1 files changed, 44 insertions, 19 deletions

diff --git a/numpy/linalg/linalg.py b/numpy/linalg/linalg.py
index f25452064..a7f1c074d 100644
--- a/numpy/linalg/linalg.py
+++ b/numpy/linalg/linalg.py
@@ -1420,8 +1420,8 @@ def matrix_rank(M, tol=None):
     """
     Return matrix rank of array using SVD method
 
-    Rank of the array is the number of SVD singular values of the
-    array that are greater than `tol`.
+    Rank of the array is the number of SVD singular values of the array that are
+    greater than `tol`.
 
     Parameters
     ----------
@@ -1431,27 +1431,53 @@ def matrix_rank(M, tol=None):
        threshold below which SVD values are considered zero. If `tol` is
        None, and ``S`` is an array with singular values for `M`, and
        ``eps`` is the epsilon value for datatype of ``S``, then `tol` is
-       set to ``S.max() * eps``.
+       set to ``S.max() * max(M.shape) * eps``.
 
     Notes
     -----
-    Golub and van Loan [1]_ define "numerical rank deficiency" as using
-    tol=eps*S[0] (where S[0] is the maximum singular value and thus the
-    2-norm of the matrix). This is one definition of rank deficiency,
-    and the one we use here.  When floating point roundoff is the main
-    concern, then "numerical rank deficiency" is a reasonable choice. In
-    some cases you may prefer other definitions. The most useful measure
-    of the tolerance depends on the operations you intend to use on your
-    matrix. For example, if your data come from uncertain measurements
-    with uncertainties greater than floating point epsilon, choosing a
-    tolerance near that uncertainty may be preferable.  The tolerance
-    may be absolute if the uncertainties are absolute rather than
-    relative.
+    The default threshold to detect rank deficiency is a test on the magnitude
+    of the singular values of `M`.  By default, we identify singular values less
+    than ``S.max() * max(M.shape) * eps`` as indicating rank deficiency (with
+    the symbols defined above). This is the algorithm MATLAB uses [1].  It also
+    appears in *Numerical recipes* in the discussion of SVD solutions for linear
+    least squares [2].
+
+    This default threshold is designed to detect rank deficiency accounting for
+    the numerical errors of the SVD computation.  Imagine that there is a column
+    in `M` that is an exact (in floating point) linear combination of other
+    columns in `M`. Computing the SVD on `M` will not produce a singular value
+    exactly equal to 0 in general: any difference of the smallest SVD value from
+    0 will be caused by numerical imprecision in the calculation of the SVD.

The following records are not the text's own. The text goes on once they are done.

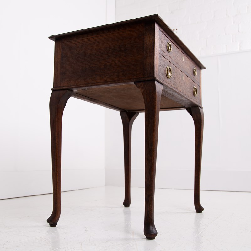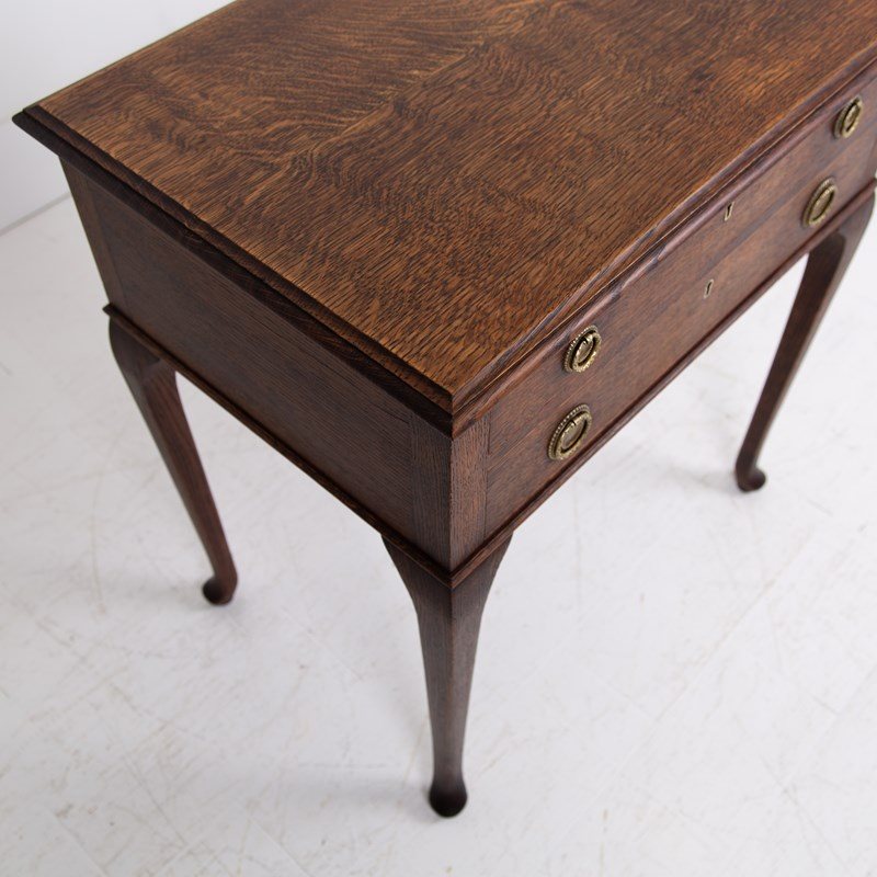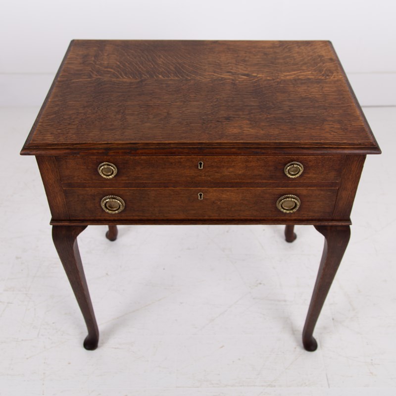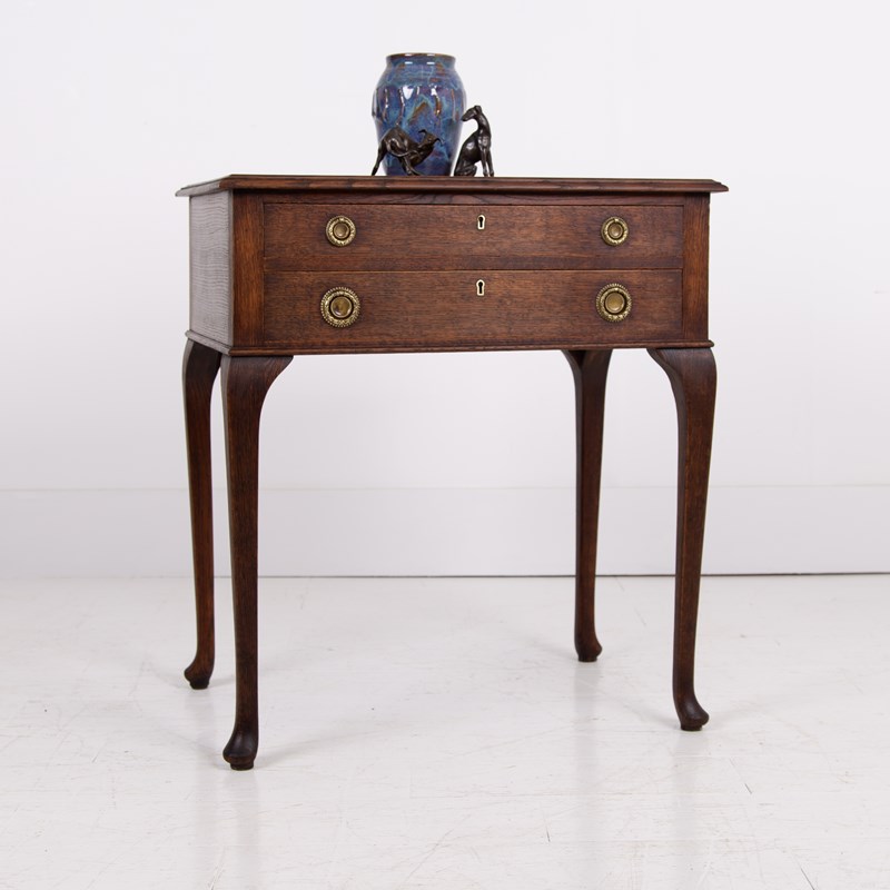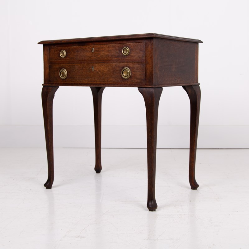 A rather handsome looking 2 drawer solid English oak side table of sensible scale and good quality. Enjoying the look of this one with its slender shapely legs, well grained over sailing top and pretty round handles.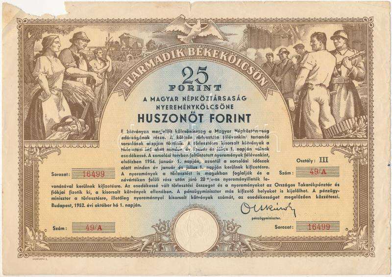 https://www.darabanth.com/en/213-Online-auction/213.0/Numismatics/Shares-and-Tickets~200006/1952-Harmadik-Bekekolcson-a-Magyar-Nepkoztarsasag-Nyeremenykolcsone-25Ft-rol-TIII-p~II890438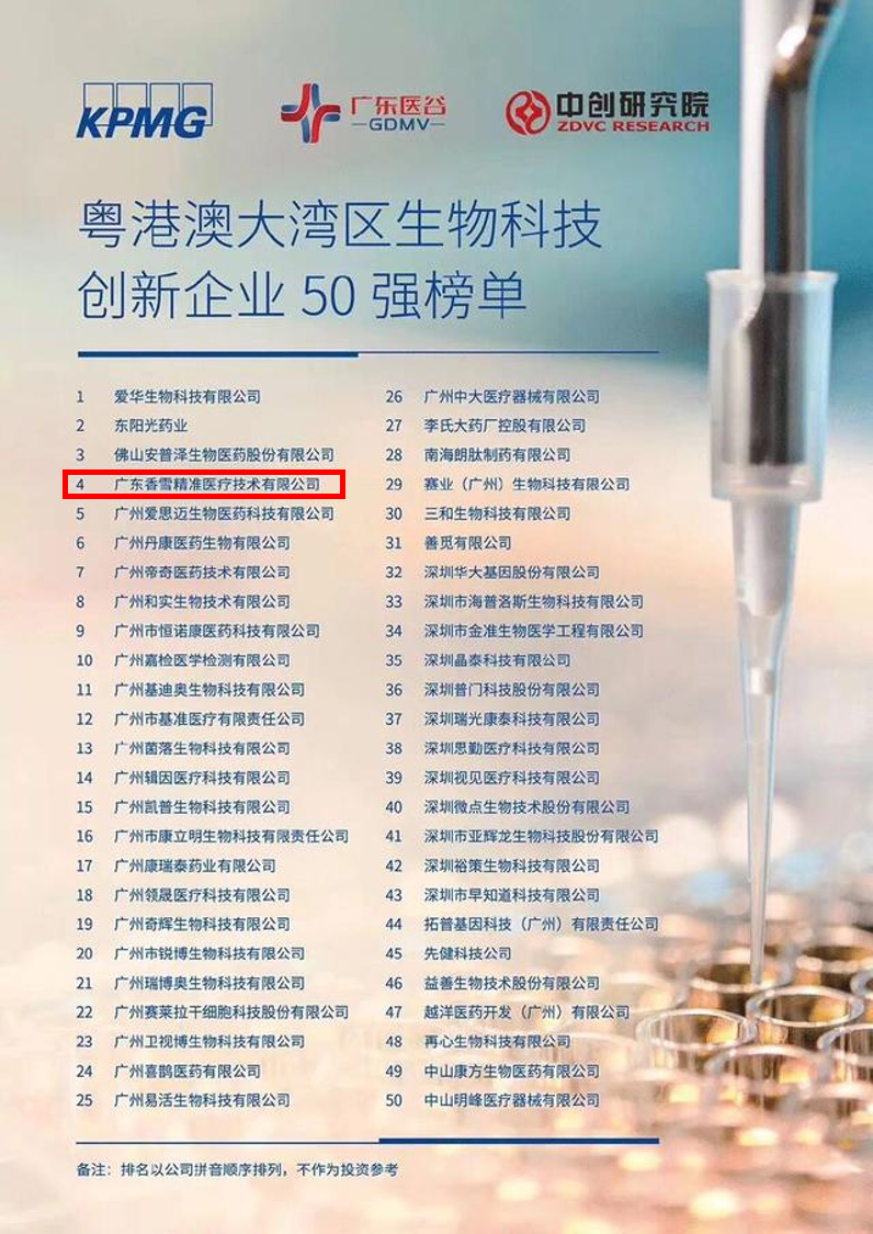 【粤港澳大湾区生物科技创新企业50强】

+    Our threshold for small SVD values takes this numerical imprecision into
+    account, and the default threshold will detect such numerical rank
+    deficiency.  The threshold may declare a matrix `M` rank deficient even if
+    the linear combination of some columns of `M` is not exactly equal to
+    another column of `M` but only numerically very close to another column of
+    `M`.
+
+    We chose our default threshold because it is in wide use.  Other thresholds
+    are possible.  For example, elsewhere in the 2007 edition of *Numerical
+    recipes* there is an alternative threshold of ``S.max() *
+    np.finfo(M.dtype).eps / 2. * np.sqrt(m + n + 1.)``. The authors describe
+    this threshold as being based on "expected roundoff error" (p 71).
+
+    The thresholds above deal with floating point roundoff error in the
+    calculation of the SVD.  However, you may have more information about the
+    sources of error in `M` that would make you consider other tolerance values
+    to detect *effective* rank deficiency.  The most useful measure of the
+    tolerance depends on the operations you intend to use on your matrix.  For
+    example, if your data come from uncertain measurements with uncertainties
+    greater than floating point epsilon, choosing a tolerance near that
+    uncertainty may be preferable.  The tolerance may be absolute if the
+    uncertainties are absolute rather than relative.
 
     References
     ----------
-    .. [1] G. H. Golub and C. F. Van Loan, *Matrix Computations*.
-       Baltimore: Johns Hopkins University Press, 1996.
+    .. [1] MATLAB reference documention, "Rank"
+           http://www.mathworks.com/help/techdoc/ref/rank.html
+    .. [2] W. H. Press, S. A. Teukolsky, W. T. Vetterling and B. P. Flannery,
+           "Numerical Recipes (3rd edition)", Cambridge University Press, 2007,
+           page 795.
 
     Examples
     --------
@@ -1465,7 +1491,6 @@ def matrix_rank(M, tol=None):
     1
     >>> matrix_rank(np.zeros((4,)))
     0
-
     """
     M = asarray(M)
     if M.ndim > 2:
@@ -1474,7 +1499,7 @@ def matrix_rank(M, tol=None):
         return int(not all(M==0))
     S = svd(M, compute_uv=False)
     if tol is None:
-        tol = S.max() * finfo(S.dtype).eps
+        tol = S.max() * max(M.shape) * finfo(S.dtype).eps
     return sum(S > tol)